Sounds like a great conference, though I disagree with the statement that "there are no examples of the use of biophysical data to drive medchem prospectively." After all, what's SBDD without the S?

Dr. Teddy Z said...

poor choice of phrases, I think biophysics in that context means thermodynamic/kinetic data.

Peter Kenny said...

Something to remember when thinking about binding kinetics is that, for a given Kd, a slow off rate means a slow on rate. In a pharmacokinetic context, one needs to consider both and not focus exclusively on the former.
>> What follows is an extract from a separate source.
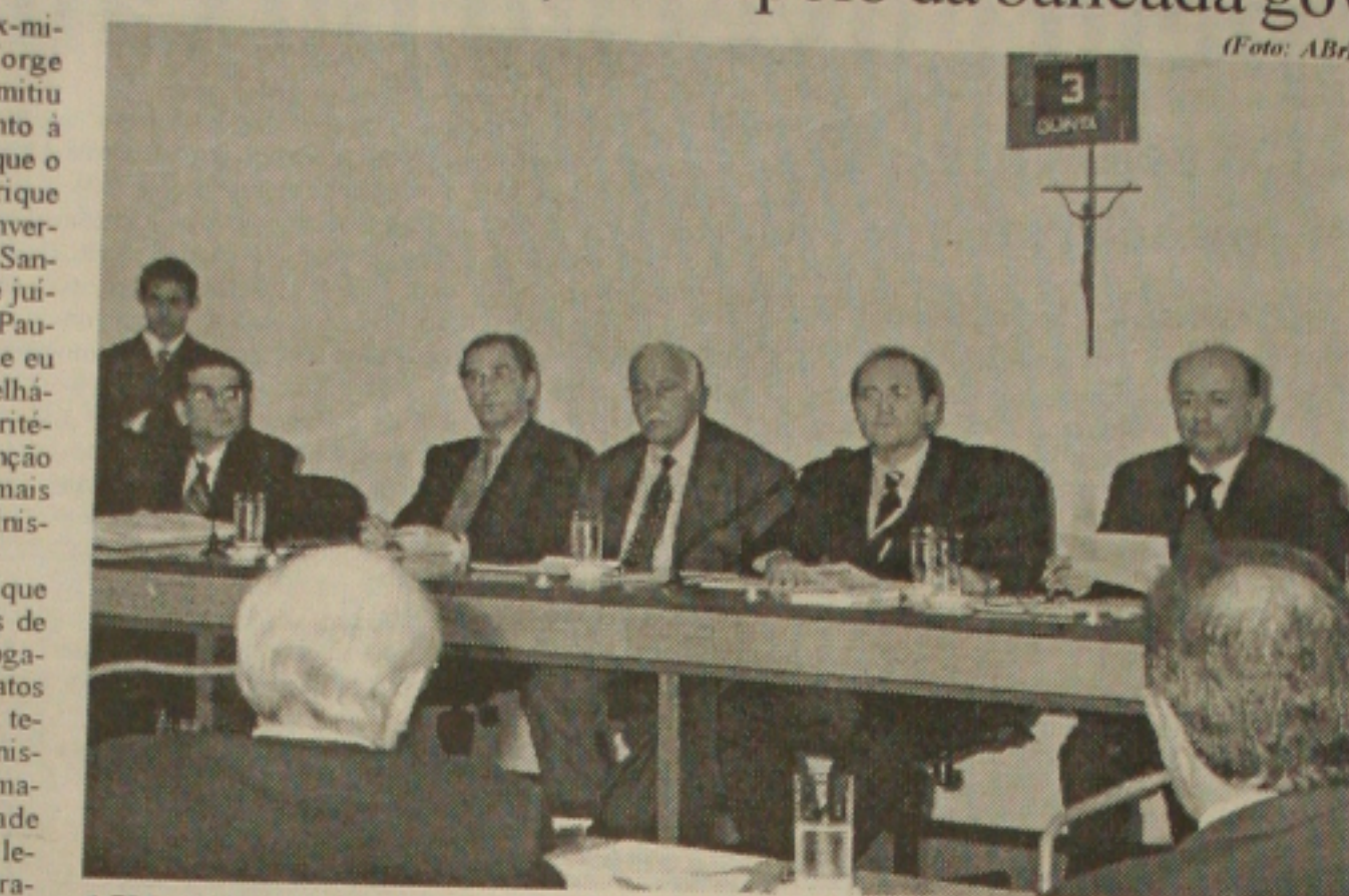
ACM acompanhou todo o depoimento, mas não se posicionou

Brasília (AE) - O comportamento da base aliada no depoimento do ex-secretário-geral da Presidência da República Eduardo Jorge Caldas à subcomissão do Senado, agradou ao Palácio do Planalto. Depois de uma manhã nervosa, por conta das notícias do desequilíbrio emocional e da depressão de Caldas em função das denúncias, a avaliação do governo no início da noite era positiva. Ministros, líderes governistas e assessores do presidente Fernando Henrique Cardo-

I would challenge the assertion that LO is driven by entropy. Optimisation of leads is multiparametric in nature and individual different projects will face different issues. Exploring ways of introducing polarity without compromising affinity is a common LO strategy. However, you can do this using logP to quantify polarity. LLE can be used in this context although I believe there are better ways (see http://dx.doi.org/10.1007/s10822-013-9655-5 ). Ionisation is something that really needs to be considered when modulating polarity in a design framework and the biophysical folk (and anybody pushing lipophilicity-based efficiency metrics) do need to show that they are at least thinking about this if they want medicinal chemists to take them seriously.

Dr. Teddy Z said...

Pete, He had a graph showing Enthalpy and entropy as a function of where the compound was in development. So, you can argue with the data not me. :-)

Glyn Williams said...

Hi Pete,

I agree with both of your comments. The talk by Markku Hamalainen was a bit of a wake-up call for me personally since there are a growing number of cases where rates differ from the expectations of diffusion-controlled potency by more than 5-orders of magnitude. There was an anecdotal story of a sleeping-pill trial that led the first volunteer to sleep for a week...
On the second point, I had not intended to imply in my talk that our LO is being driven by entropy gains. Simply that, on average, that seems to be a consequence of our methods. Of course it depends on the average thermodynamic propeties of your compounds at the start of LO and probably says more about our use of structure, LE and LLE up to that point. If you look at individual compounds, not the average, our clinical candidates are not the most entropically favourable members of their series.

Morten Grøftehauge said...

Too many abbreviations.
"LogP occurs in H2L and stays the same in LO."

I assume hit-to-lead and ligand/lead optimisation. LogP is the logarithm of the partition coefficient. The sentence does still not make sense to me.